Economists can always prove us wrong but, in general, smart people tend to be better off. This group, or HNWs in the modern politically correct age, have a lot of calls on their time whether related to work or leisure. The best way to quantify that worth is to express it as an hourly rate. Bearing in mind that the minimum wage is £5.80 an hour a wealthy individual should be valuing his time at a large multiple of that, say 10 fold, thus making each hour worth over £50. If this person’s time is so valuable why would he want to waste it doing something that adds no value, and in fact probably detracts value, from his net worth; like managing his own money?
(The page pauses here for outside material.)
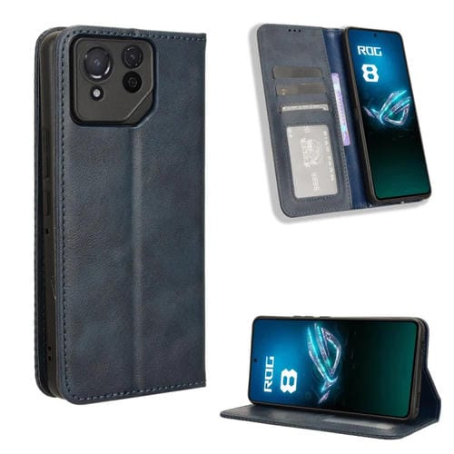 Funda para Asus Rog Phone 8 Pro de Cuero con Textura Retro y Hebilla Magnética (Azul)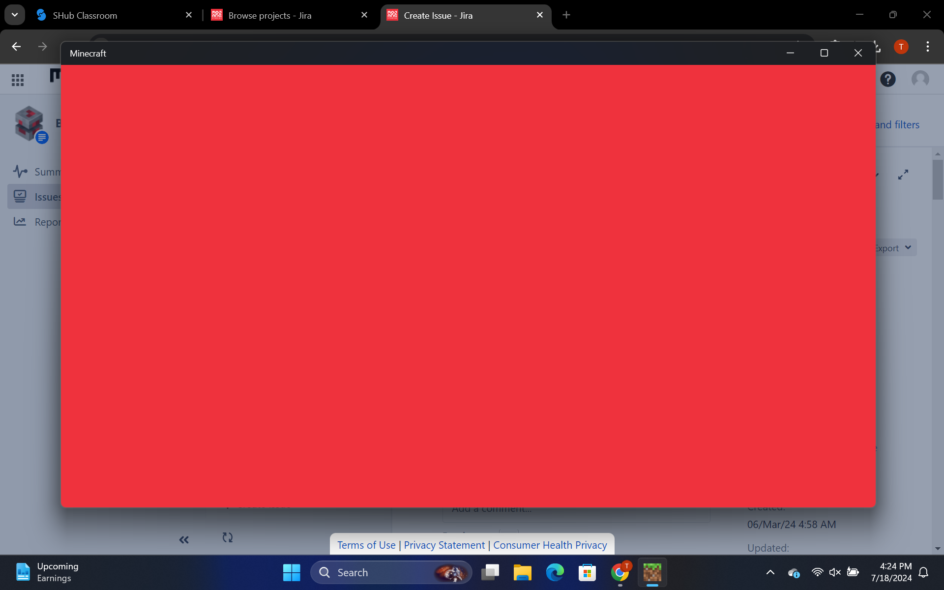 I can't play Minecraft because it stuck with the red screen on for hours

Consider a wealthy individual with an equity portfolio of £100,000 that he manages himself. Let’s assume his portfolio outperforms a comparable index fund (tracking, say, the FTSE 100) by 2% a year, every year. In his first year the market rises 10% and his portfolio rises 12% so he has added £2,000 to his net worth. The question to be asked is how much of his time did it take to achieve that? If he devotes an hour a week to the task over a year and assuming he takes a few weeks off over Christmas and the summer it is reasonable to suppose he devoted 50 hours. That means he made £40 for each hour devoted to his portfolio. That is about £10 less than his market rate.
Implicit is these assumptions are three crucial factors. First that he always beats the market and secondly, that he does it on a net basis after his dealing costs and thirdly that his return is achieved at no higher risk than a tracker fund. If his superior return is only 1% more than the market his one hour a week drops to a net value of £20. Even to achieve that net return he will probably have to achieve an additional gain of 0.2% to cover dealing costs and stamp on the assumption he trades once a month and to cover the fixed costs for his brokerage account. More worrying is the risk he has incurred. Higher returns, especially from small portfolios, are usually generated by taking more risk. In a down year that means his losses are likely to be…
Hi McEssex, interesting post - essentially, you're arguing the case for efficient markets, ie. the efficent market hypothesis. This has been discussed at some length in the past - see http://www.stockopedia.com/content/re-efficient-market-hypothesis/32272 - and the general consensus here is that it's codswallop. Now the general consenus may be wrong, I accept (it often is - see below). Nevertheless, you will find many investors that frequent this site and other sites that are able to deliver returns well in excess of the market, perhaps not consistently but certainly more often than blind chance or random variance. How is that possible? It's because, even if stocks in the FTSE 100 are relatively liquid and efficiently priced, enormous inefficiencies do exist in the smaller end of the market. Taking advantage of them can be difficult with wide spreads, but nevertheless they do seem to be there. I'd rather taking my chances hunting for them than just blindly following the aggregated choices of a large group of fund managers, most of whom seem more interested in hogging out on fees rather than capital growth, via an index fund but that's a matter of preference.